* **EXERCISE DETAILS**
When you copy the listing, skip the images and return each line verbatim.
---------- DATA SHOWN ----------
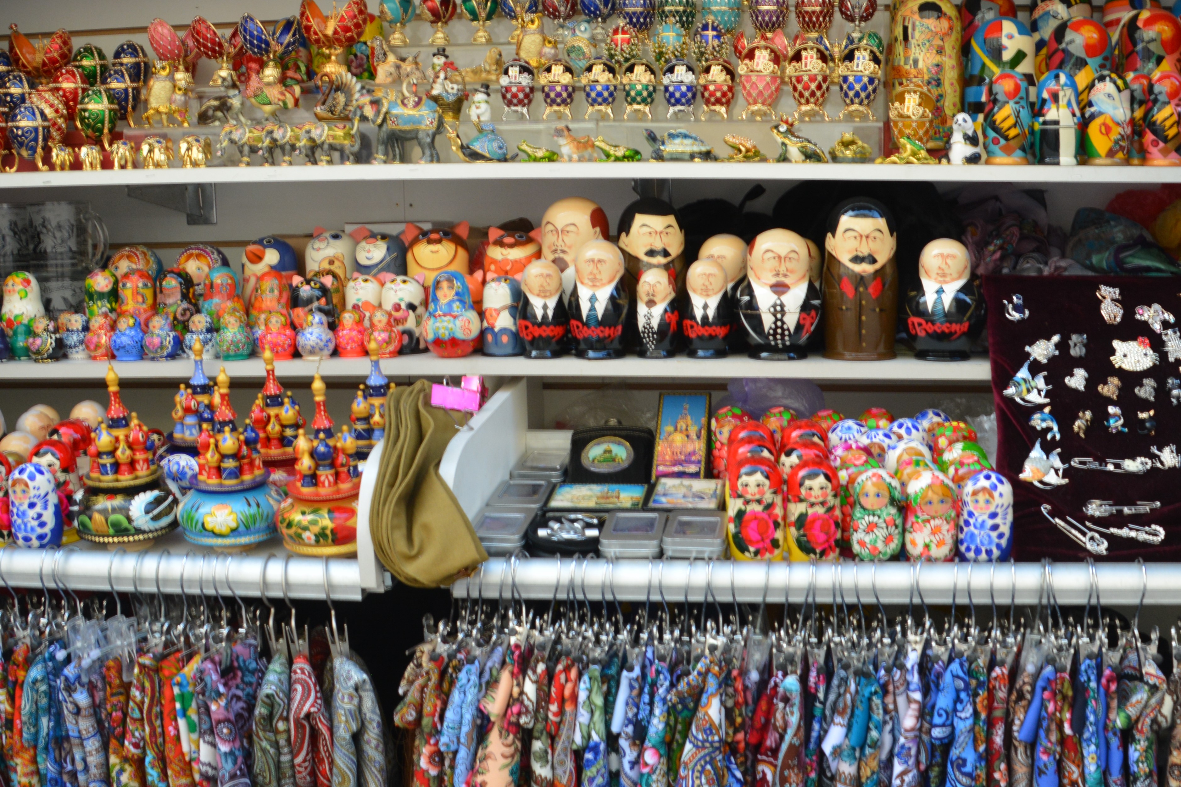The Russian dolls which fit inside of each other are a big hit with tourists but I’m not sure about the ones featuring Lenin, Stalin and Putin
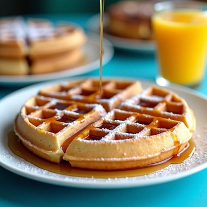 With strawberries, banana, lightly powdered sugar on top, whipped cream & syrup.
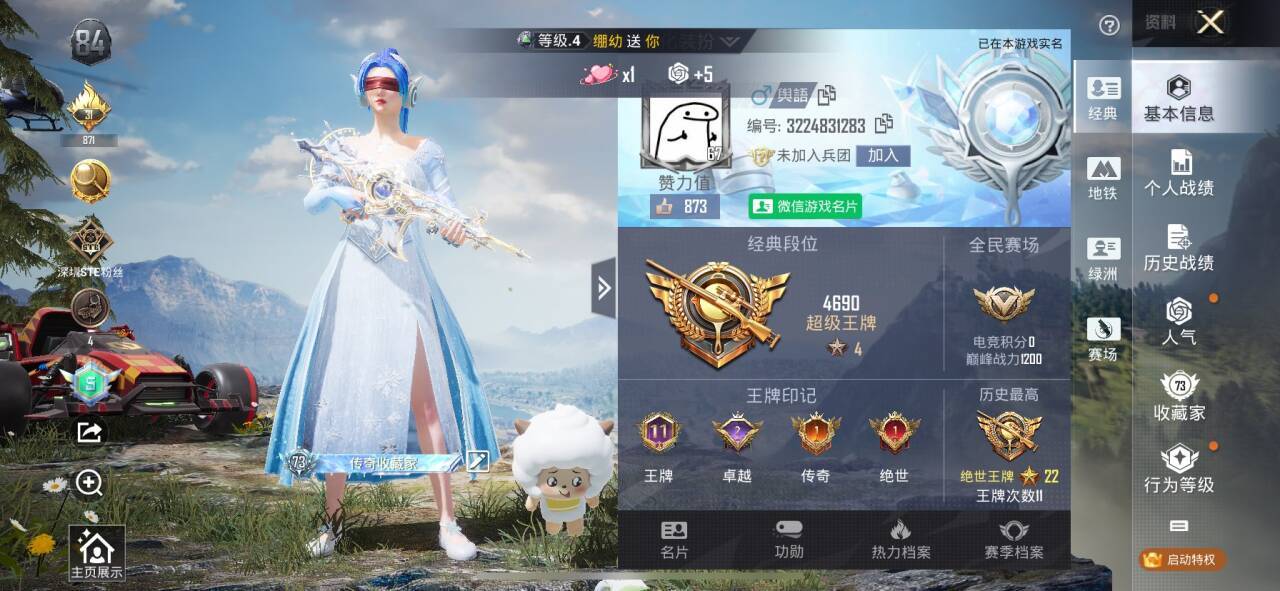 和平精英【苹果QQ】hs49700 苹果手Q-20王牌印记-有战神框-22粉装-27特效枪-7载具-134914热力值-
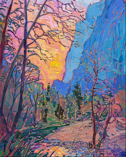 This painting of Yosemite valley captures the colors of sunset against the striking blue of the mountain cliffs. The brush strokes are laid side by side, without layering, in Hanson's unique Open Impressionism style. The vivid colors are created from a limited palette of only five colors.
----------
* **OUTPUT FOR THIS EXERCISE**
The Russian dolls which fit inside of each other are a big hit with tourists but I’m not sure about the ones featuring Lenin, Stalin and Putin
 With strawberries, banana, lightly powdered sugar on top, whipped cream & syrup.
 和平精英【苹果QQ】hs49700 苹果手Q-20王牌印记-有战神框-22粉装-27特效枪-7载具-134914热力值-
 This painting of Yosemite valley captures the colors of sunset against the striking blue of the mountain cliffs. The brush strokes are laid side by side, without layering, in Hanson's unique Open Impressionism style. The vivid colors are created from a limited palette of only five colors.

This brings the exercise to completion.